Tuesday, February 26, 2008

Is the "high price" of everything from coffee in restaurants to popcorn in movie theaters due to monopoly power?

A new paper by Richard Gil and Wesley Hartmann provides an explanation for the "high price" of popcorn in movie theaters:

Prices for goods such as blades for razors, ink for printers and concessions at movies are often set well above cost. This paper empirically analyzes concession sales data from a chain of Spanish theaters to demonstrate that high prices on concessions reflect a profitable price discrimination strategy often referred to as metering price discrimination. Concessions are found to be purchased in greater amounts by customers that place greater value on attending the theater. In other words, the intensity of demand for admission is metered by concession sales.
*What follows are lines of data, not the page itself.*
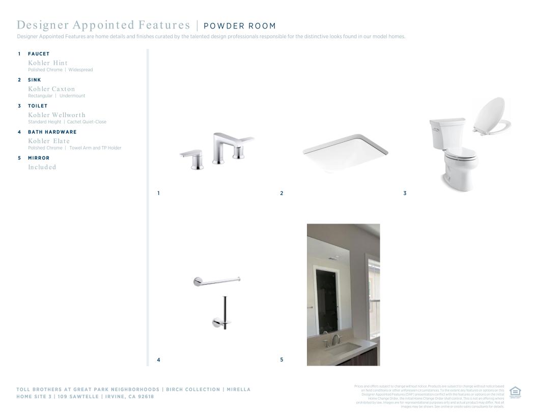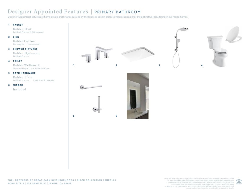 Toll Brothers Designer Appointed Collections are professionally curated selections of fixtures and finishes that come together to create a cohesive, distinctive look for a home.  Learn More
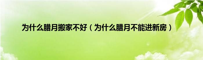 本文为什么腊月搬家不好,为什么腊月不能进新房到此分享完毕,希望对大家有所帮助。
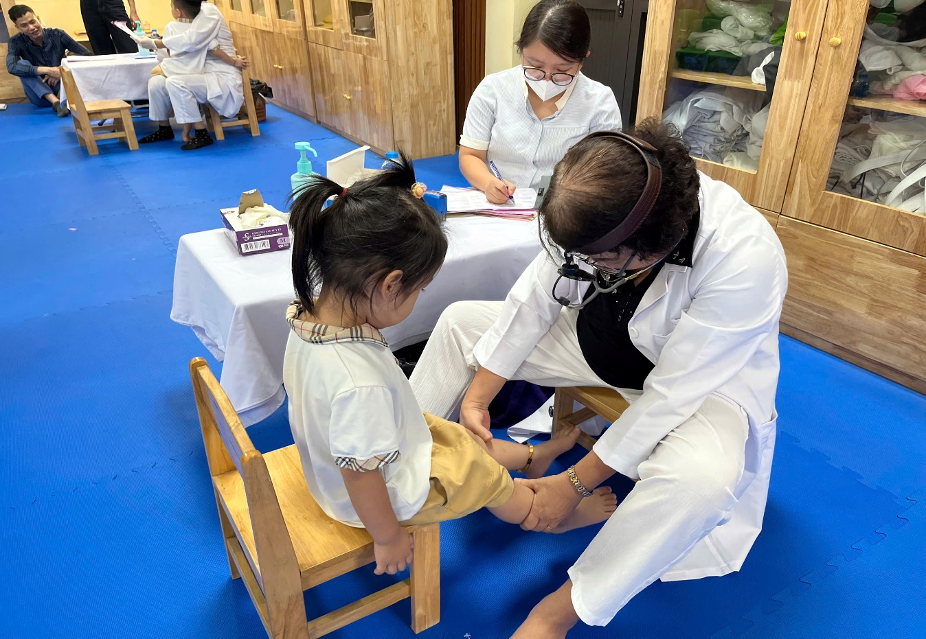 Hình ảnh các bé được bác sĩ khám bàn chân bẹt
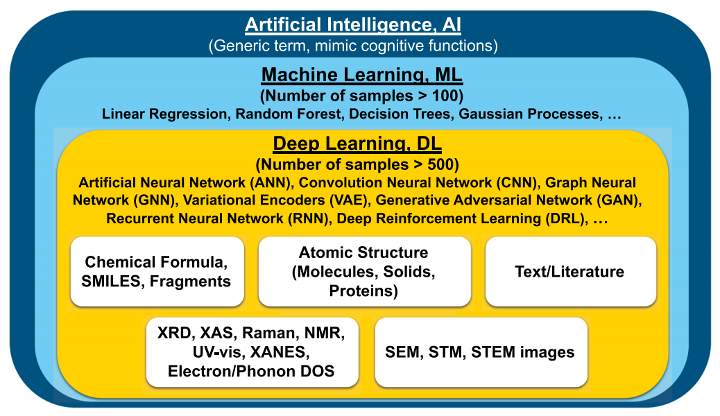 图:示意图显示了人工智能(AI)、机器学习(ML)和深度学习(DL)方法及其在材料科学和工程中的应用概述。深度学习被认为是机器学习的一部分,包含在一个总括术语人工智能中。
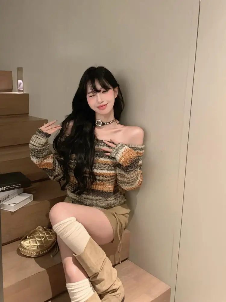This off-shoulder cropped sweater combines effortless charm with a cozy knit design. The striped pattern adds dimension, while the flattering off-shoulder silhouette creates a laid-back yet chic look. Style it with high-waisted skirts or jeans for a versatile outfit.
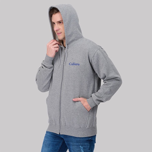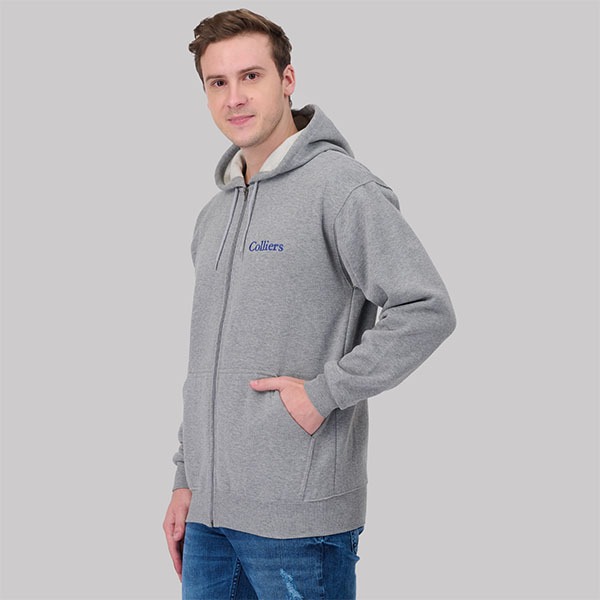 BLENDED COTTON FULL ZIPPER SWEAT SHIRT WITH HOOD AND POCKETS. GREY MELANGE FABRIC WITH COLLIERS LOGO EMBROIDERED
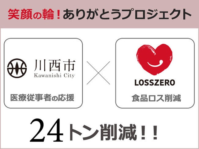 株式会社ロスゼロ(大阪市西区・代表 文美月)は、包括連携協定を結ぶ川西市と協力して進めた6カ月間の「ありがとうプロジェクト」を2022年3月31日に終えました。感謝の意を込めて医療従事者に届け、食品ロスを未然に防ぐことができた量は24トンを超えました。
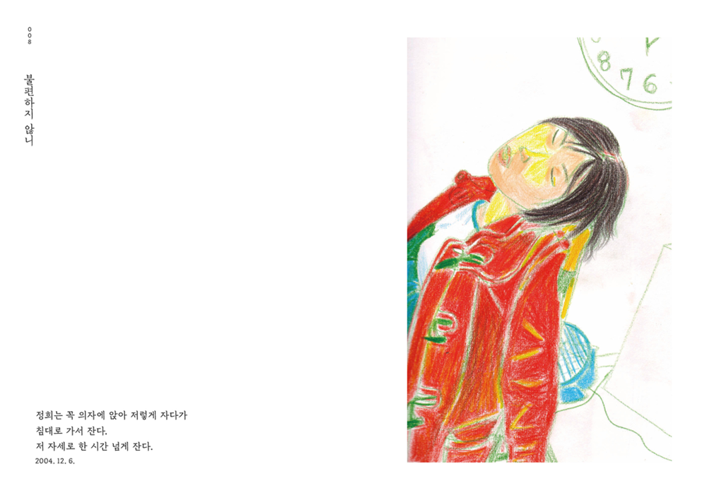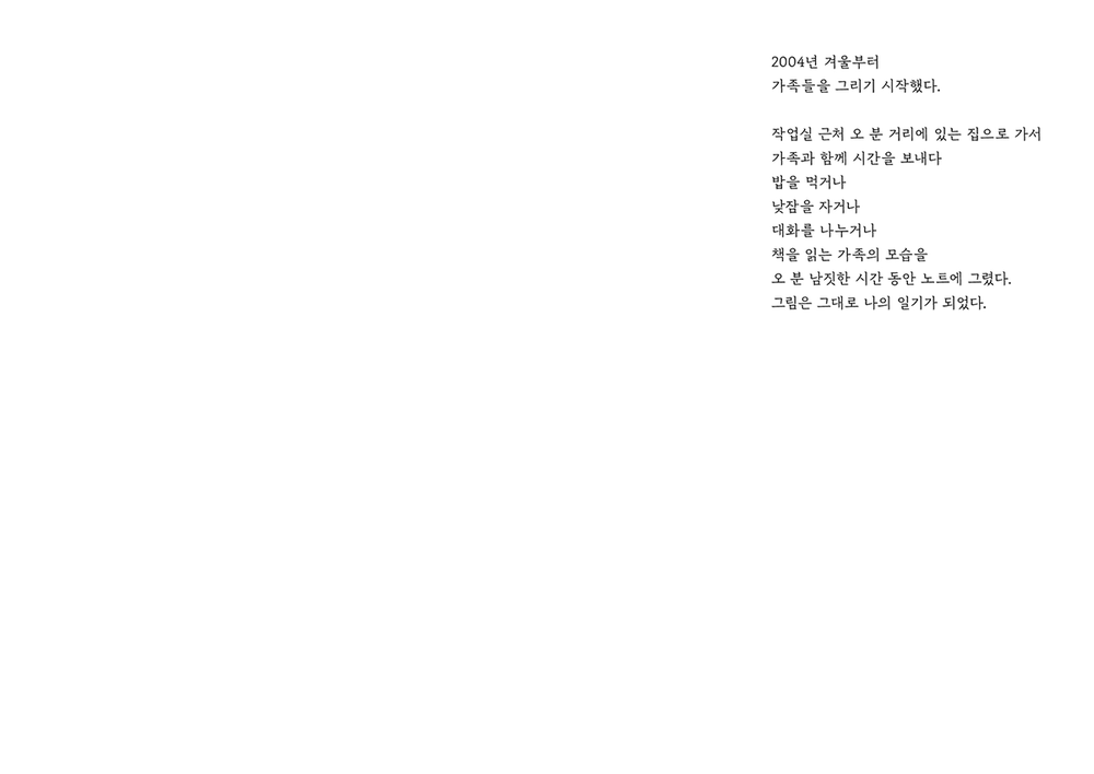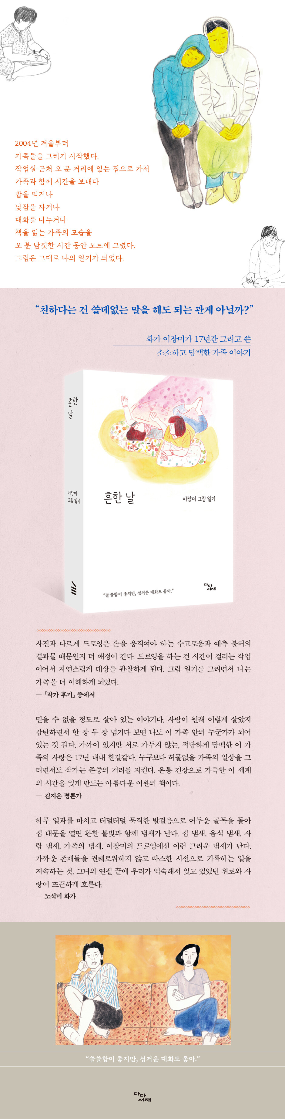 매일 아침 6시 반에 모여 아침을 함께 먹고 각자의 학교와 일터로 흩어졌다가 저녁에는 따뜻한 담요 아래 옹기종기 모여 고단했던 하루를 다독이는 가족. 이장미 화가는 작업실에서 5분 거리인 집으로 가 이 가족의 평범한 모습을 손에 잡히는 대로 펜이나 연필을 들어 노트에 그려낸다. 한 장의 그림에 짧은 글 몇 줄로 이루어진 이 소박한 일기는 17년이라는 긴 세월 동안 어린 조카가 어른이 되어가고 엄마와 아버지, 언니와 동생이 조금씩 나이 들어가는 과정을 차곡차곡 담고 있다.

This implies that while some consumers' surplus may be reduced by the high concession prices, surplus of other consumers on the margin of attending may increase from theaters' decisions to shift their margins away from movies and toward concessions.

First as a side note, most theaters, at least in the US, do not prevent people from bringing in concessions with them to the theater (I don't know about Spain), and that is at least inconsistent with the monopoly type story. It is also interesting to note that these claims about above marginal cost pricing are made for many similar product such as wine in restaurants or coffee or the differences between lunch and dinner prices, and it is hard to believe that monopoly power actually explains the "high prices" in all these cases. Russell Roberts and I provided a cost based explanation for all the phenomenon back in 1991 here. I guess that my biggest question is what else would one expect relating the log(concession revenue) with log(attendance) and Box Office revenue per attendee. Concession revenue goes up with attendance (though at a lower rate than attendance revenue -- congestion) and it goes up with box office revenue per attendee (presumably picking up the fact that higher revenue per attendee means fewer old people and very young people). What is the problem here and why is price discrimination the only answer here? By the way, when they run a regression that includes information on the number of screens and seats per screen (Table 2, specification 2), those two variables really explain all the variation in popcorn prices (something akin to the hypothesis that Russell and I advanced). I am also not clear why logs are used for concession revenue and attendance, but not box office revenue per attendee.